Permanent link to OUR Archive version:
http://hdl.handle.net/10523/4959
Abstract:
Scientific literature is an important medium for disseminating scientific knowledge. However, in recent times, a dramatic increase in research output has resulted in challenges for the research community. An increasing need is felt for tools that exploit the full content of an article and provide insightful services with value beyond quantitative measures such as impact factors and citation counts. However, the intricacies of language and thought, and the unstructured format of research articles present challenges in providing such services. The identification of sentence contexts that encode the role of specific sentences in advancing an article's scientific argument can facilitate in developing intelligent tools for the research community. This paper describes our research work in this direction.

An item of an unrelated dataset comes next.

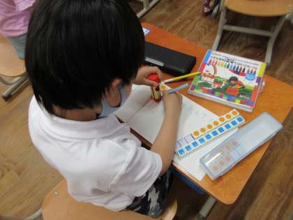 お道具箱の中のスティックのりやクレヨンの箱などを見つけて,一生懸命に形どりをしていました。
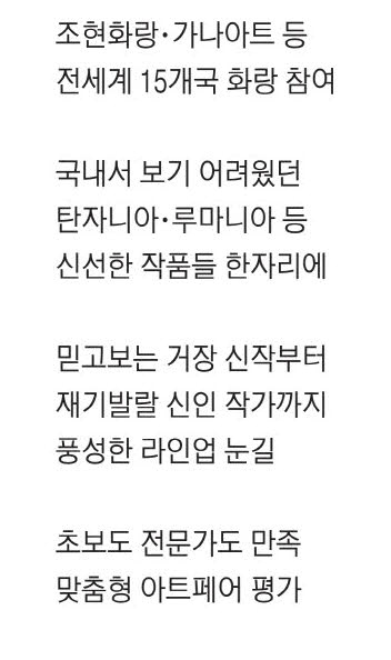 "대형 상업 아트페어의 대안이자 실험 정신이 강한 아트페어인 만큼 그간의 불문율을 깨고 조각을 걸려고 합니다."(일본 '미사코&로젠' 제프리 로젠 대표)

First, we investigate the possibility of identifying contexts associated with sentences and propose a scheme of thirteen context type definitions for sentences, based on the generic rhetorical pattern found in scientific articles. We then present the results of our experiments using sequential classifiers – conditional random fields – for achieving automatic context identification. We also describe our Semantic Web application developed for providing citation context based information services for the research community. Finally, we present a comparison and analysis of our results with similar studies and explain the distinct features of our application.
Date:
2013
Publisher:
Cambridge University Press
Pages:
481-515
ISSN:
1351-3249
Rights Statement:
Copyright © Cambridge University Press 2012
Keywords:
Citation classification; Conditional random fields; Semantic web
Research Type:
Journal Article
Languages:
English
Notes:
This is the definitive version of the contribution as published at Cambridge Journals Online.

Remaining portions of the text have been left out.